The Budesrat consists of members/ministers from the states, which have been elected in the state elections. The people who are present at the sessions are usually representataives of the state governments, but that is mainly for practical reasons, and they are still politically aligned to make up of state government. It should definately be in the indirectly elected category.
Introduce voting systems that allow for infra-party choice, be that STV (plenty of independents in Ireland) or something else.
Yet, in recent years, we have witnessed a series of bad laws passing through the Scottish Parliament, only to be later struck down or amended in the courts, repealed in parliament or simply not enacted. The “named person” scheme, a central part of the Children and Young People Act. The Offensive Behaviour at Football and Threatening Communications Act. The Railway Policing Act.

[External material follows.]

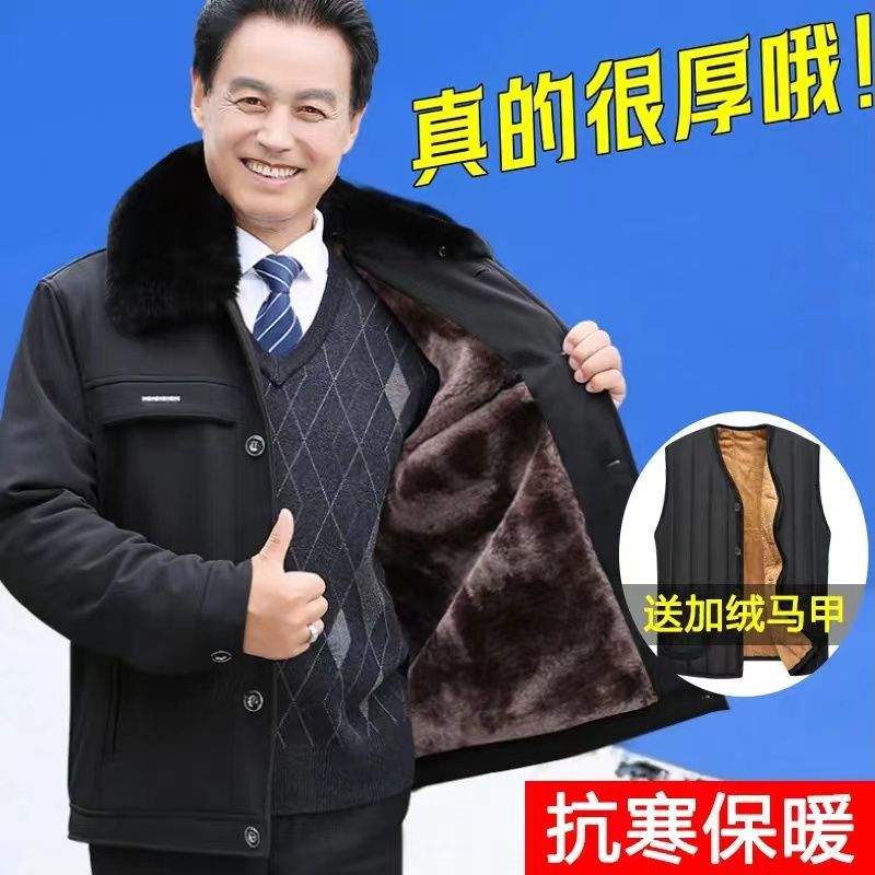 中年男士棉衣服冬季加绒加厚款中老年人保暖防寒爸爸装外套棉袄子

The latest of these inadequate, incompetent laws is the Gender Recognition Reform Bill, which is currently making its way through parliament.

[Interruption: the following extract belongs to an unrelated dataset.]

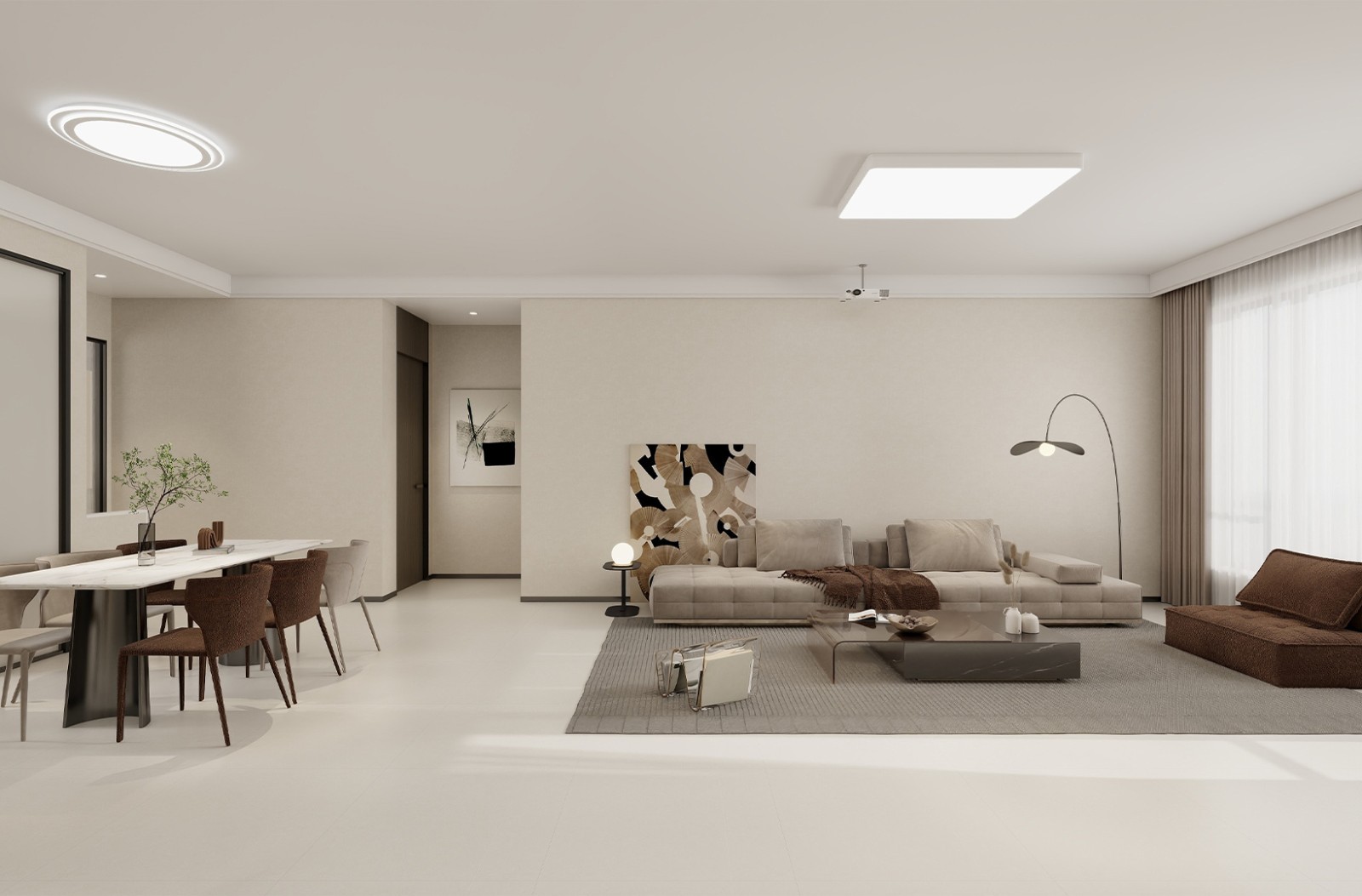 以入户视角,沙发组与餐桌分明,有着良好的动线规划。灯光以吸顶灯为主光源,点亮整个空间

https://www.scotsman.com/news/opinion/columnists/bad-laws-written-in-flimsy-terms-undermine-the-founding-purpose-of-holyrood-susan-dalgety-3905976
"Although there is some question-by-question variability, the results from our survey show that inaccurate perceptions of group size are not limited to the types of socially charged group divisions typically explored in similar studies: race, religion, sexuality, education, and income. Americans are equally likely to misestimate the size of less widely discussed groups, such as adults who are left-handed. While respondents estimated that 34% of U.S. adults are left-handed, the real estimate lies closer to 10-12%. Similar misperceptions are found regarding the proportion of American adults who own a pet, have read a book in the past year, or reside in various cities or states. This suggests that errors in judgment are not due to the specific context surrounding a certain group."
And:
"Why is demographic math so difficult? One recent meta-study suggests that when people are asked to make an estimation they are uncertain about, such as the size of a population, they tend to rescale their perceptions in a rational manner. When a person’s lived experience suggests an extreme value — such as a small proportion of people who are Jewish or a large proportion of people who are Christian — they often assume, reasonably, that their experiences are biased. In response, they adjust their prior estimate of a group’s size accordingly by shifting it closer to what they perceive to be the mean group size (that is, 50%). This can facilitate misestimation in surveys, such as ours, which don’t require people to make tradeoffs by constraining the sum of group proportions within a certain category to 100%.
This reasoning process — referred to as uncertainty-based rescaling — leads people to systematically overestimate the size of small values and underestimate the size of large values. It also explains why estimates of populations closer to 0% (e.g., LGBT people, Muslims, and Native Americans) and populations closer to 100% (e.g., adults with a high school degree or who own a car) are less accurate than estimates of populations that are closer to 50%, such as the percentage of American adults who are married or have a child."
At the bottom they also have a chart of median estimates, which are more accurate than the mean estimates.
As always with the debate about the Lords, the starting point has to be the question of what the Lords is *for*. Once we’ve decided what it’s for, we can discuss how it should be formed.